Fitting mindfulness into a busy schedule

Some days, life and even ourselves don’t always make it easy to take time out for a period of meditation and mindfulness. We are working 40 plus hours a week, in school full-time, studying, busy with families, appointments, and other activities. So, when you have multiple different things going on and pop up in your life, practicing mindfulness tends to get overlooked and put on the back burner. But it doesn’t have to stay that way.

When you get to the core of it, mindfulness is where you are aware of the world around you and can focus and observe the moment. You use your senses, energy, and focus when engaging in activities. Mindfulness has been shown to have multiple benefits, including better sleep, less anxiety, and improvement in moods.

There are some things you can do to increase mindfulness throughout your busy day.

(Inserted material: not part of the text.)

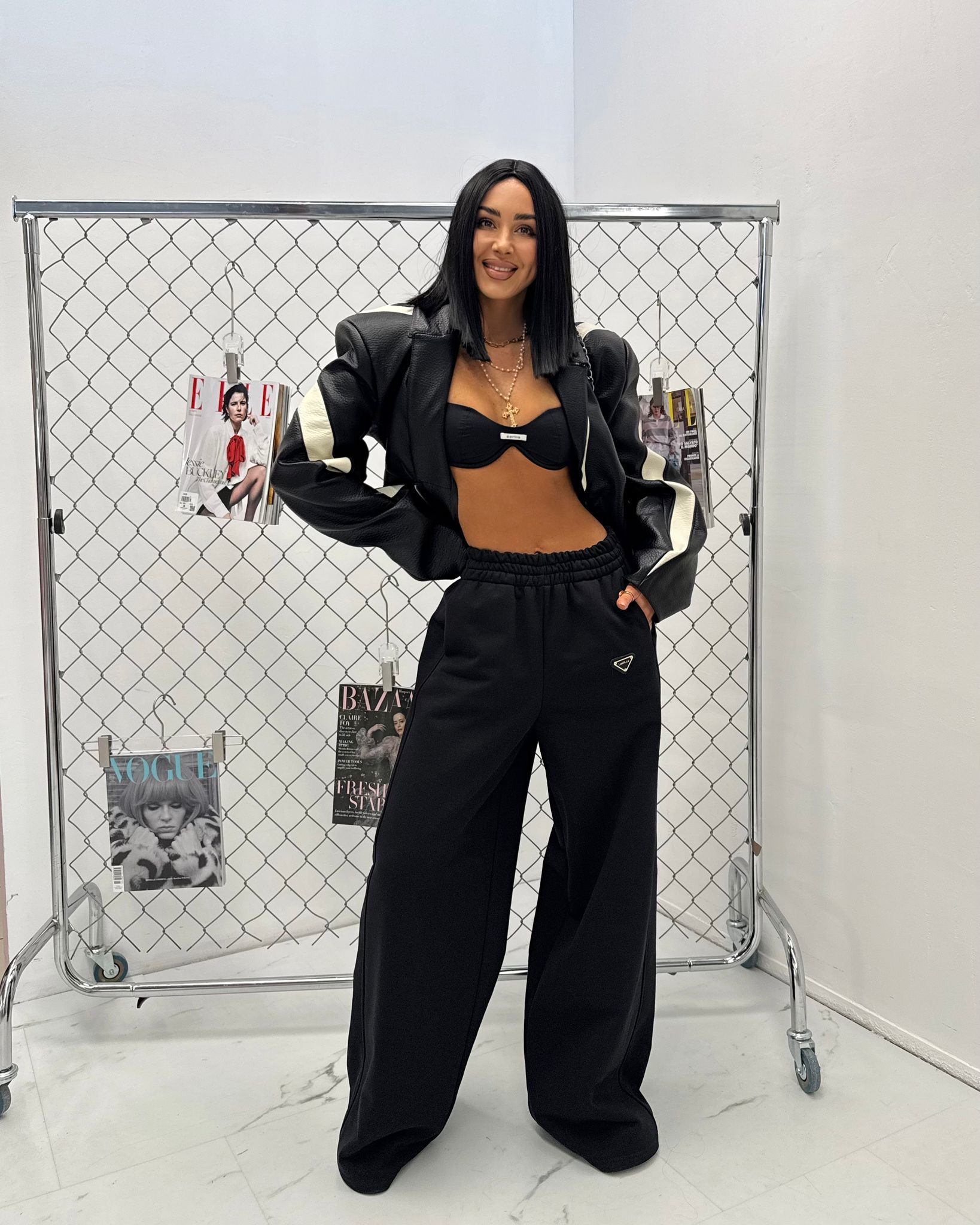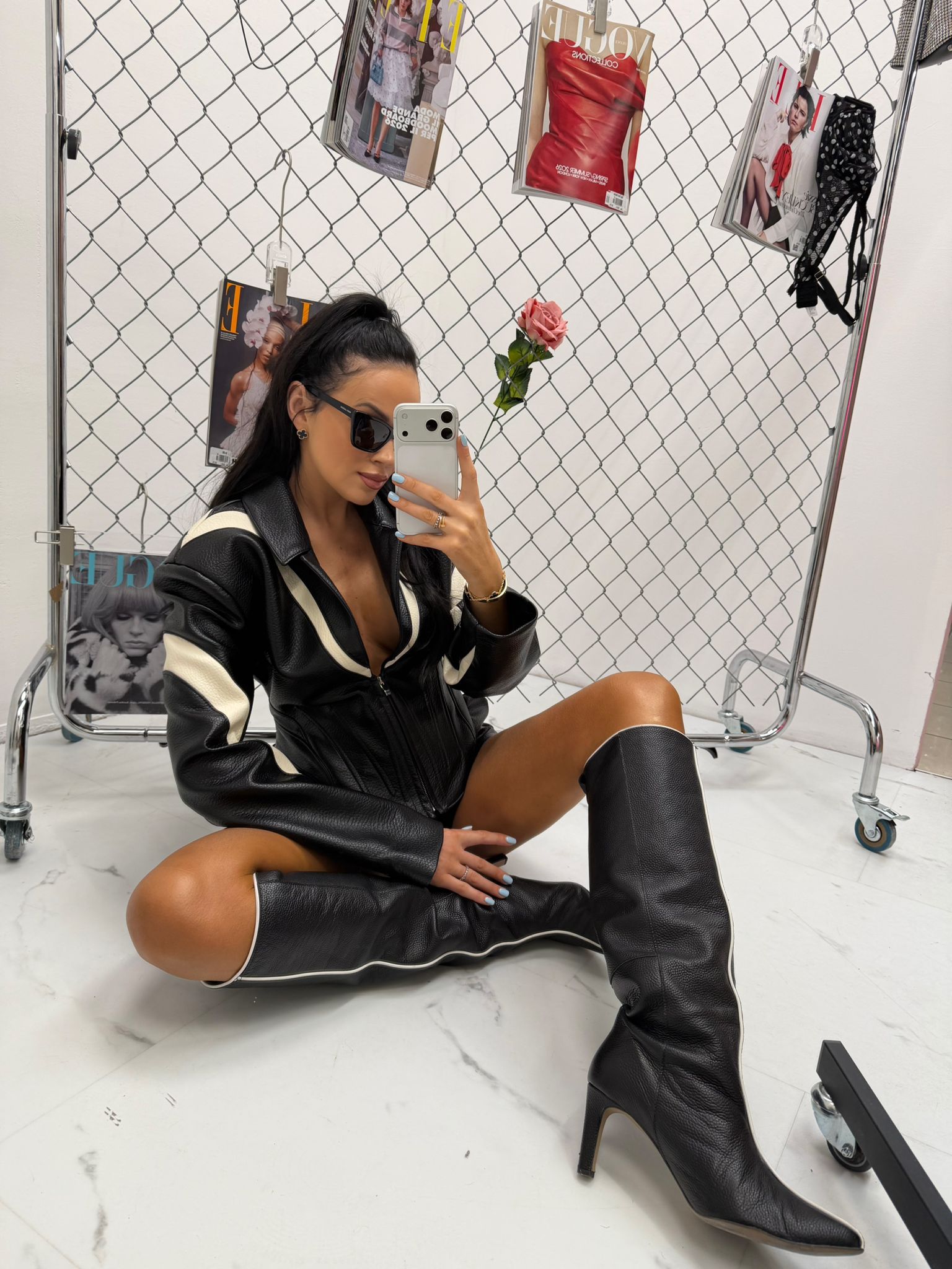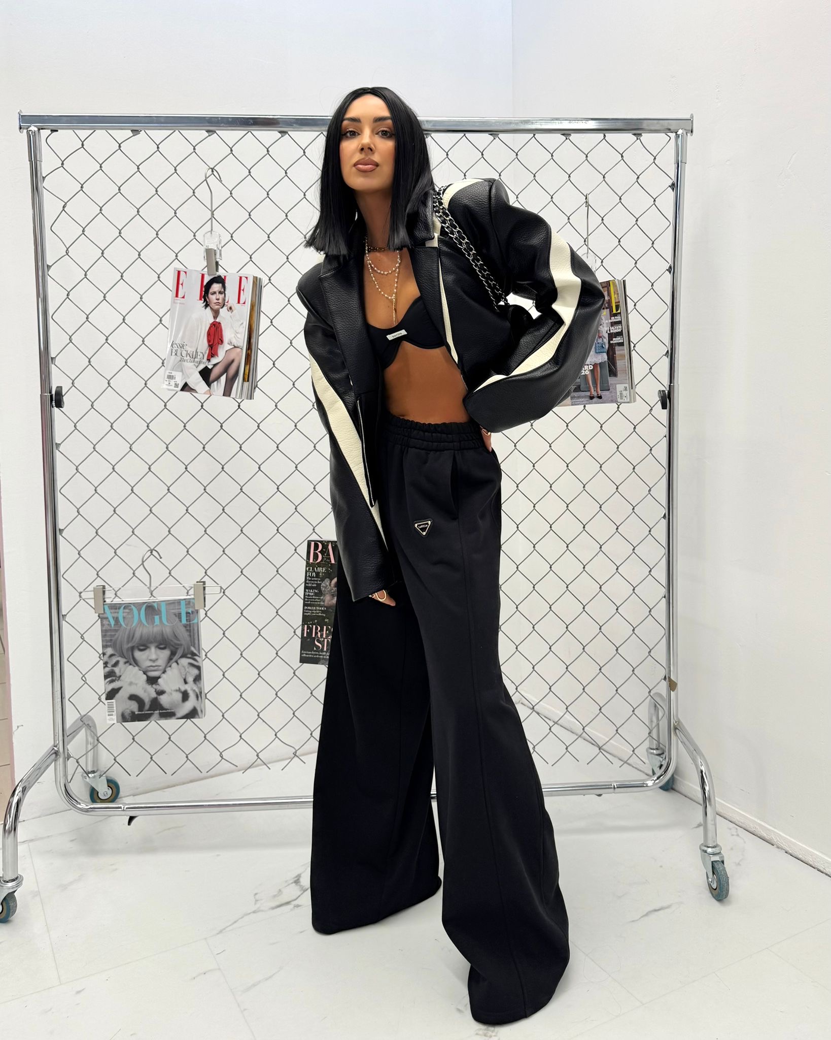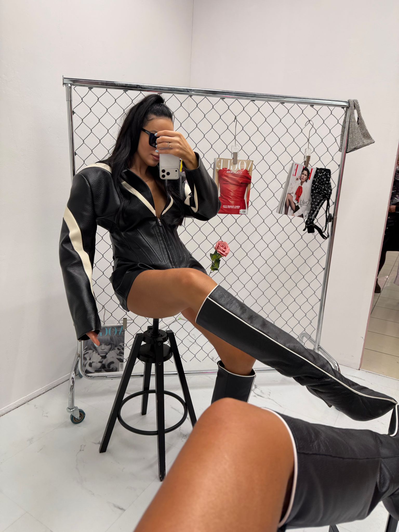 Dopasowany fason z przeszyciami optycznie wysmukla figurę, a zamek z przodu pozwala regulować głębokość dekoltu. Kurtka świetnie sprawdzi się w stylizacjach wieczorowych, imprezowych oraz streetwearowych. Możesz zestawić ją z dopasowanymi szortami, spodniami z wysokim stanem lub spódnicą, tworząc modny total look.

Refocus scattered thoughts:

To stop thinking of everything you have to do, what is waiting, and anything that is overwhelming and clouding your mind. Refocus your thoughts and think about what you have to be grateful for, or a goal that you are working towards.

Eat balanced meals:

Eating a lot of sugary and fatty foods can affect our emotions, health, and energy. Eating healthier and balanced meals from the food groups can improve energy and alertness. When you are having your lunch break or a snack, do not do any work, sit or stand there and enjoy the meal and break taking at the moment.

Commuting to work:

If you take the bus or walk, there are plenty of things you can do during the commute to focus and re-center before you start your busy day. You can read a book, listen to a podcast, music, and practice mindful breathing.

Driving to work:

While focusing on your driving to work, you can listen to music, podcasts, or an audiobook. When you come to stop lights, you can do your mindful breathing while waiting for the light to turn green.

Pause before you sleep:

When you are sitting on your bed with your feet are still planted on the floor, take 5 minutes to focus on your breathing and letting your busy mind/thoughts dissolve before you turn in for the night.